実際に現場の臨床家は、それに対して危機感を感じていたため、EBM:evidence-based medicineという考え方も生まれてきたのだ。
 いずれにしても、強い感覚は、人間から「知性」を奪い去っていく。「恋は盲目。」と言われるが、「恋」の状態から「愛」へ昇華させるために、何が必要か?それは、相手を理解しようとする継続的な「知性」であろう。

 マズローの欲求のなかで、低次の欲求を満たすため、人間は最初、生き残るために「知性」をつかった。そして、安全を手に入れ、安全な状態では、人間は、「生きることに」理由を求めた。それが尊厳欲求、自己実現欲求となる。しかし、自己実現とは、どのような状態が自己実現の状態か、ほとんどの人間は、勘違いしてしまう。
 目先の外的欲求を満たす事に専念しても、内的な欲求は満たされない。大金持ちも王様も内的な欲求はみたされない。 人類の中で、人生を終えるまでに内的欲求まで満たされた人間は少ない。ほぼすべての人間がこれを潜在意識では、目指しているのというのに。
 表面上人間は、外的な欲求を満たす事が、内的な欲求も満たされると勘違いしている。 人生の終わりのころになってその勘違いに気がつけばまだ良い方だ。ほとんどの人間は、勘違いしたまま人生を終えてしまう。
 数千年前から人類は、多くの人生がそのように繰り返されてきた。現代の我々が、その事に気がつくのは、歴史を紐解けば、そんなに難しい事ではない。きっかけは、ちょっとした「知性」を使うだけでよいのだ。
 自分は、本当は何を求めているのか。 人生の終わりにお金をいくら持っていても満たされない。今人生の終わりとして、満たされた状態それが、本質を感じ体現している状態だ。 いままで、人間が、生き残るために使った「知性」を、こんどは自分の魂の方向づけを固めるため「使用」する必要がある。本質へ向かうために、勘違いを「知性」が暴く、不要な物を 取り外すために「知性」が活躍する。
 自分と全く異なる考え方の人間も、自分自身と本質的にはつながっていることを理解するにも「知性」が発現する。その意味でも、知性は「愛」を誘導する。
 知性の欠如した関係性は、愛ではなく、表面的なもの刹那的なものだ。知性を使用し本質をつかむ、ということは涅槃、さとるということにつながる。これは、他の生物には不可能な状態だ、他の生物、知性が低い動物、植物であればあるほど、「本質」そのもので生きている。
 「本質」そのもので生きているということは、本質を「分かって」いないということだ。 夏しか知らない蝉が、夏の事を分かっていないように。冬のことを知ってはじめて夏を理解する。
 志村ふくみ先生は、「植物の魂の方が人間の魂よりも高位だ。」とおっしゃっていたが、私は、人間の魂はより、本質への「可能性」をもっていると感じている。 本質を「分かる」には、本質から外れた状態を知らなければならない。人間はそれを体験した。それを体験してきた貴重な歴史がある。

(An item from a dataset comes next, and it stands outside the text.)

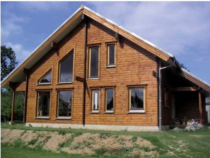
▲ La société Esprit Nature Bois, qui propose des maisons en kit, garantit l'origine finlandaise du bois, gage de qualité.

jour d'hui plus uniquement d'une mode mais bien d'une tendance de fond. Les causes ? Le développement durable désormais ancré dans la conscience collective, les économies d'énergie sur le long terme, l'esthétique «nature»... Du type d'habitat souhaité dépend le professionnel le mieux adapté. Maison en bois rime, pour l'heure, avec maison d'architecte. Donc sur-mesure et plutôt haut de gamme. Cette

 さらに、本質を「分かる」と本質を自分で「うみだす」事ができる。人間には一人一人に創造主の能力が備わっている可能性がある。その本質を創る事ができた人間は、歴史上何人か、いたかもしれない。しかし、その弟子に本質を伝えることを「成功」した実績は未だかつてないと私は思う。
 それは、本質を、言葉で伝えようとしたからかもしれない。知性とは、あらゆる思い込みを自省して、気がつき取り外す方向性と私は考える。言葉、正確には言葉の「意味」を(音感ではなく)とらえようとした時点で本質に制限を加える作業であり思い込みとなる。思い込みが何代にも渡り、結局、人の幸せのために興った宗教が戦争を呼び込むなどという本末転倒な知性の欠如した事態になる。自分が本質をある程度つかみ、確認の意味で宗教書を読む事は、有意義な作業になるはずだ。しかし、逆は多くの場合、真とならない。
 あらゆる思い込みを自省し、気がつき、少しずつ取り外していく、そのような、本質への知性を身につけていく教育が真の教育ではないか。志村ふくみ先生の染織の学校では、教科書がないそうだ。なにかのノウハウと向き合うのではなく、ただひたすら、植物の命と裸で向き合う。思い込みを外し、知性をもって裸の魂で草木の魂と向き合い続ける。そして「ものを作る世界から、ものが自然に生まれてくる世界に知らず知らず移行してゆく。」(一色一生 志村ふくみ著P121より引用)これが志村ふくみ先生が人生をかけて目指し、獲得された人類へのプレゼントかもしれない。